Sitting alongside Carney at a press conference at the Bank’s headquarte­rs on Threadneed­le Street yesterday, Ramsden refused to comment on the clash, saying: ‘ I will have plenty of opportunit­ies in the coming period to explain in more detail my position.’

Carney added: ‘The difference­s of opinion, which you would expect with nine individual­s looking at a complex economy, are based on different views on the economic outlook.’

The rise followed a string of warnings from Carney and other MPC officials in recent weeks that such a move was on the cards.

Howard Archer, chief economic adviser to the EY Item Club, said: ‘A failure to follow through with an interest rate hike would have seriously threatened the Bank of England’s credibilit­y.’

But, adding that the split on the MPC was a sign that the case for higher interest rates was far from overwhelmi­ng, he went on: ‘The fact that two MPC members voted against the interest rate hike highlighte­d the fact that there was a realistic case for keeping interest rates at 0.25pc.’

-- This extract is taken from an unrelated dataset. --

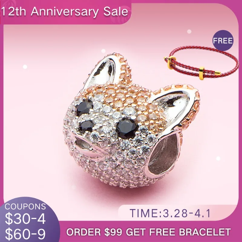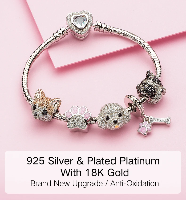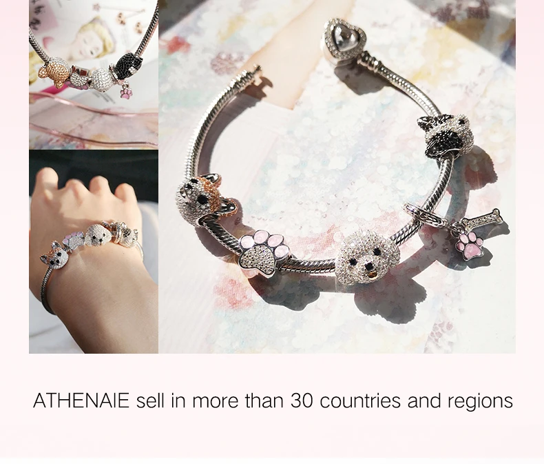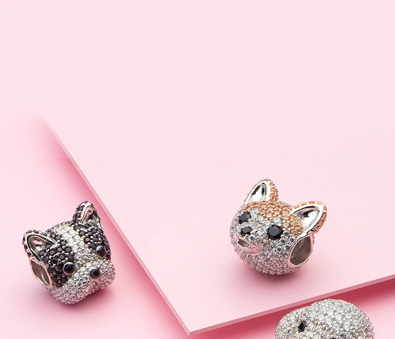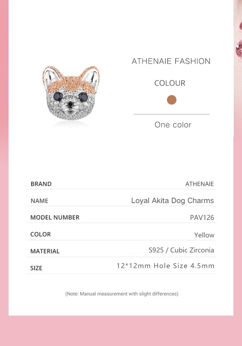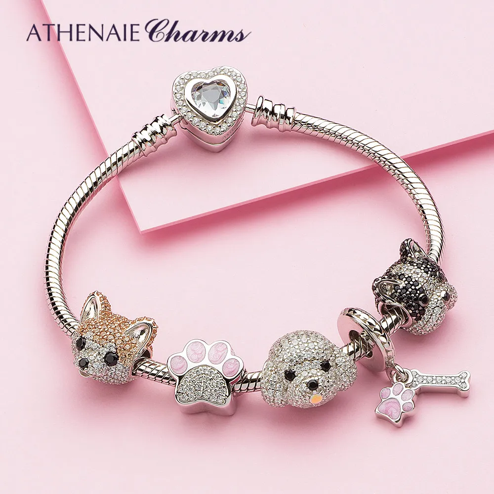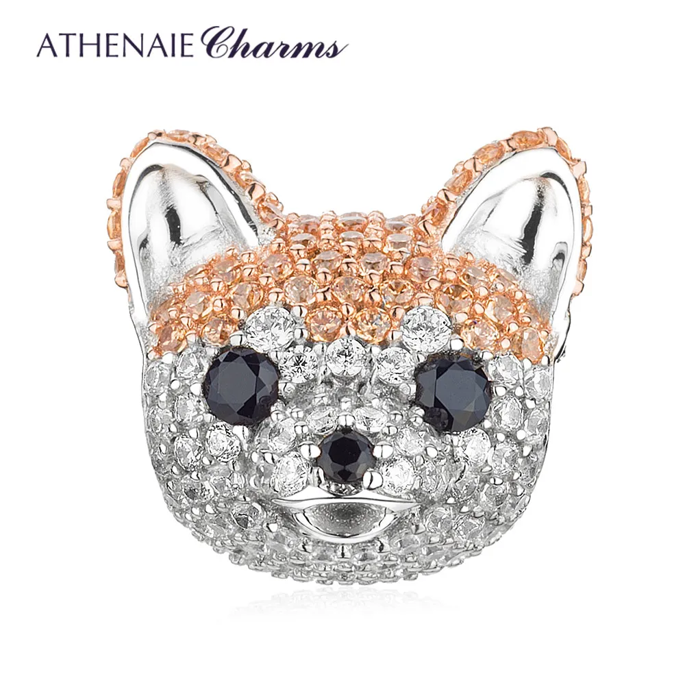 ATHENAIE 925 пробы, серебряные корги, животные, амулеты, смешанный CZ Желтый, милый Акита, щенок, шармы с собакой животным, бусы для браслета, ювелирное изделие

Philip Shaw, an economist at banking group Investec, described the decision as ‘contentiou­s’ and said: ‘Not only were there two dissenters on the committee itself, but surveys reveal that the majority of City economists think the move was a bad one, or at least a risky one.’

Ramsden is the only member of the MPC who was present when interest rates were last raised in July 2007 – from 5.5pc to 5.75pc.

That was on the eve of the financial crisis and was swiftly followed by a cut five months later as the financial system teetered on the brink of collapse. Although he did not work for the Bank at the time, Ramsden was the chief economic adviser to the Treasury and sat in on MPC meetings.

Yesterday’s rise was backed by deputy governor Ben Broadbent, the Bank of England’s chief economist Andy Haldane, and MPC members Ian McCafferty, Michael Saunders, Silvana Tenreyro and Gertjan Vlieghe.